Mr. Rooker also asked how in H.5 staff is distinguishing between “antenna” and other things that
they’re allowing to protrude by as much as 20 feet. Mr. Fritz explained that the definition is different than
the “collocation” definition because it is dealing with a process, not what is permitted. He confirmed that it
affects the time period, but doesn’t set standards for what gets approved because that is covered
elsewhere.
Mr. Dumler asked if staff was effectively limiting the maximum height of towers, since they are
limiting the base diameter to 30 inches, in terms of engineering safety standards. Mr. Fritz said that was
brought up at the roundtable discussions, along with the potential for limiting collocation as one of the
other requirements is for cables to be routed inside. He said that staff has already documented that they
want to investigate that, as long as “stiffening of the tower” providing the diameter is still met – and there
was some concern that adding steel cables to the outside of a monopole that might increase the diameter,
and that is seen as a Phase II discussion item.

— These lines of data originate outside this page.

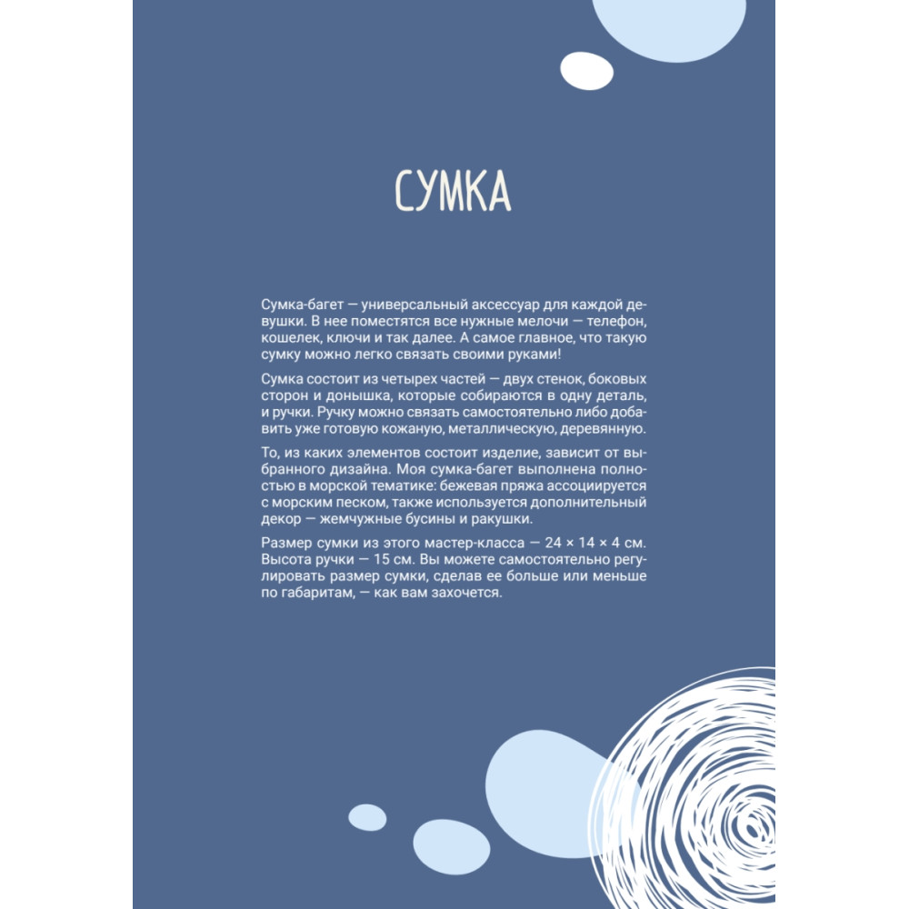 Лето — лучшее время, чтобы поражать всех модными образами. Но только представьте, сколько комплиментов вы получите, когда выйдете на прогулку или на пляж в наряде, созданном своими руками! Стать центром всеобщего внимания вам помогут эта книга и ее автор Дарина luna made, блогер и опытная вязальщица. Дарина покажет вам, что даже при помощи основных техник вязания крючком и спицами можно создать стильные, яркие и трендовые вещи: костюм из юбки и жилетки, панаму, сумку и серьги. Каждый из четырех мастер-классов — это подробная инструкция с пошаговыми фото, в которой учтено все, начиная с выбора инструментов и материалов, детального разбора основных столбиков и петель и заканчивая вариантами финального декора изделий. Начинающим вязальщицам эта книга поможет сделать первые уверенные шаги, а опытным подарит новые идеи и вдохновение для творчества. Задайте свой тренд этому лету!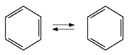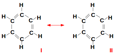 Así, pues, ni la fórmula I ni la II representan correctamente el benceno, ya que su verdadera estructura es una intermedia entre las dos, lo que se denota por la flecha de doble punta.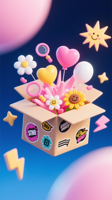 一个造型变换的3D卡通礼物盒,保持纯色背景,采用鲜艳明快的马卡龙配色,具有光滑圆润的塑料质感,表面有柔和的高光和细腻的阴影,整体呈现出可爱治愈的氛围,带有卡通风格的装饰元素,造型独特有趣。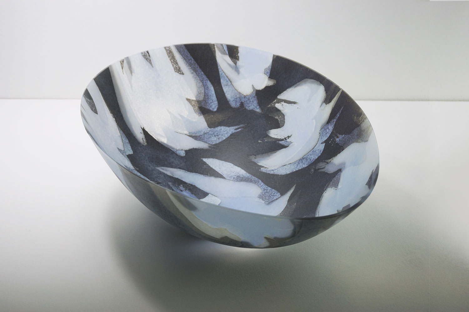 The surface of this bowl made from kiln-formed glass is decorated with a flock of white Arctic terns. The sea-blue shade of the glass evokes the terns' coastal habitat. Amanda has participated in research investigating the impact of sustainable energy on sea life, which inspired her to depict sea birds in her recent works.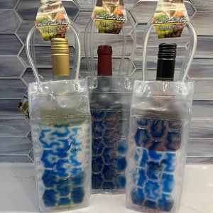 Freeze Beverage Tote / Ice Bucket To-Go / Wine Chill Bag / Clear & Blue - NWT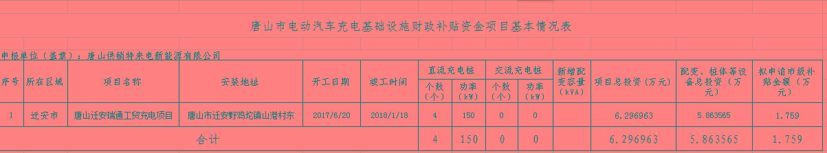 根据《河北省财政厅关于下达2018年省级大气污染防治专项资金用于新能源汽车推广应用补贴的通知》(冀财建【2018】249号)、《唐山市电动汽车充电基础设施建设运营管理办法(暂行)》(唐发改能源【2017】711号)和《唐山市新能源汽车充电基础设施建设项目验收方案》(唐发改能源【2019】144号)相关要求,我局组织有关专家,对区域内2018年的充电基础设施建设唐山迁安瑞通工贸充电项目进行了验收,1个项目通过验收,拟申请补助资金1.759万元。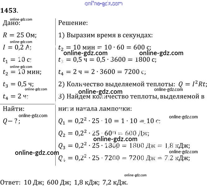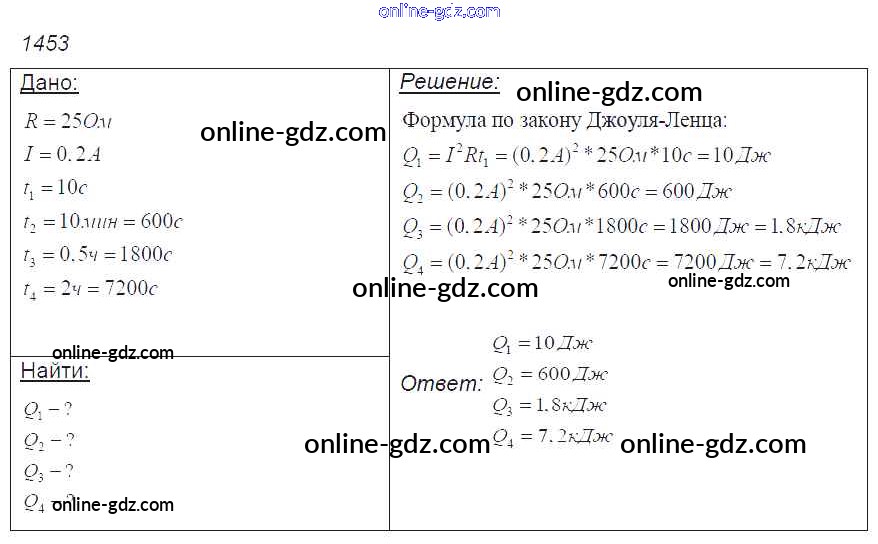 Готовые домашние задания по Физике за 7, 8, 9 класс Сборник задач Лукашик, Иванова 2011 - Задания 1453

Mr. Thomas asked how the stiffening of a tower could be accomplished. Mr. Fritz responded that
staff has not received good information on that yet, and the only place they have seen stiffening of a tower
is with lattice towers where more diagonals were added.
Mr. Rooker commented that the major wireless providers are moving toward deployment of “small
cell towers” equipped with WiFi, which will also accommodate LTE and 4G service.
Ms. Mallek said that in urban areas, providers are placing them on the sides of buildings.
Mr. Fritz concluded by stating that staff would address the concerns the Board raised, then bring it
to the Planning Commission and back to the Board.
The Board thanked Mr. Fritz for all his work.
_______________
Note: At 3:01 p.m., the Board recessed.
_______________
Joint Meeting with School Board.
School Board Members Present: Mr. Jason Buyaki, Mr. Ned Galloway, Mr. Stephen Koleszar,
Ms. Diantha McKeel and Ms. Barbara Massie Mouly (arrived at 4:20 p.m.).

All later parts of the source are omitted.